Fig. 5.

Effects of activation by cholera toxin (CTX) on the localization (A) and palmitoylation (B) of recombinant αs proteins in cyc⁻ or IEC-6 cells expressing HA-tagged αs-WT. (A) cyc⁻ (1.0 × 10⁷) or IEC-6 (0.5 × 10⁷) cells derived from 10-ml culture volumes were fractionated, and HA-tagged αs proteins were detected by immunoblotting with monoclonal antibody 12CA5 after immunoprecipitation with the same antibody. Membrane fractions of these cells were also prepared in which the αs was [³²P]ADP-ribosylated with a 50 μg/ml concentration of activated cholera toxin. [³²P]ADP-ribosylated HA-tagged αs proteins were then visualized by autoradiography after immunoprecipitation as described in Materials and Methods. Before fractionation, the cells were incubated without or with 1 μg/ml cholera toxin for 4 h. (B) cyc⁻ (5.0 × 10⁷) or IEC-6 (2.5 × 10⁷) cells derived from 50-ml culture volumes were incubated for 2 h in DMEM containing 10% dialyzed FBS, 5 mM sodium pyruvate, and 0.5 mCi/ml [9,10-³H]palmitic acid. After labeling, the cells were incubated without or with cholera toxin for 4 h and fractionated.
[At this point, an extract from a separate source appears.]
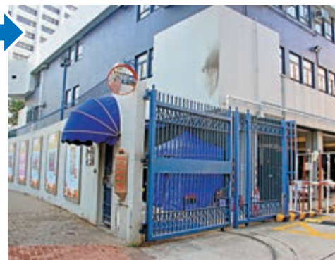
▲紅磡警署車間外牆熏黑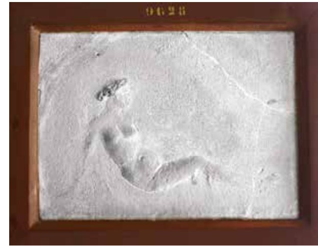
5. Naples, Museo Archeologico Nazionale. Stuc représentant un décor similaire de femme à moitié allongée (31 × 66 cm, MANN 9628)

Palmitoylated HA-tagged αs proteins were visualized by fluorography (30-day exposure), and HA-tagged αs proteins were detected by immunoblotting after immunoprecipitation as described in Materials and Methods. Arrows indicate αs proteins that have been ADP-ribosylated by cholera toxin. Each set of results is representative of at least two additional experiments.